Mais ce qui est là énoncé n’est pas le plus important… en parler n’est pas l’essentiel qui lui se love non dans les pleins mais dans les déliés des non-dits libérant comme un parfum subtil les exhalaisons d’une petite musique troublante. Fragments de souvenirs resurgis, reconstruction d’un récit pouvant renvoyer au roman familial freudien, ce parcours en terres « in-connues » étayé par des images rétro-projetées en direct, font de cette histoire de vie – celle de l’auteur – authentifiée par des preuves « apparemment » tangibles, une fable fabuleuse sécrétant en creux autant de questions sur nos origines que sur nos corps dont la jouissance semble mise sous scellés.

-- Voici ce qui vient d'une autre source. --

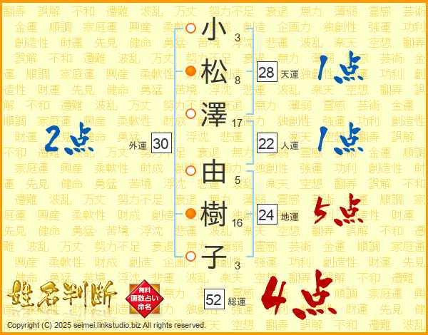 小(3画)松(8画)澤(17画) 由(5画)樹(16画)子(3画)

Un moment particulier, à accueillir en douceur et à laisser distiller en soi comme un élixir propre à entrouvrir des portes secrètes.

« Ersilia » explore d’autres vibrations mémorielles, celles émises par les trois tables d’harmonie de pianos éviscérés, dressés à la verticale, que des fils de nylon les reliant dorénavant entre elles vont habilement « percuter ». Alvise Sinivia, interprète lui-même le rôle de l’homme-archet frottant et pinçant les fils au gré d’une savante chorégraphie, « apparemment » improvisée, impliquant l’ensemble des parties de son corps voué tout entier à Apollon, dieu de la musique,. Les mouvements vibratoires ainsi transmis aux filins invisibles par le va-et-vient incessant de ses bras, ses genoux, ses pieds, son buste et sa tête vont se propager aux cordes puis aux cadres pour « réveiller » les tables d’harmonie mises en résonance et donner vie à la musique. Déambulant impérial entre sa création – les notes émises – il devient Deus ex Machina, inspiré et inspirant.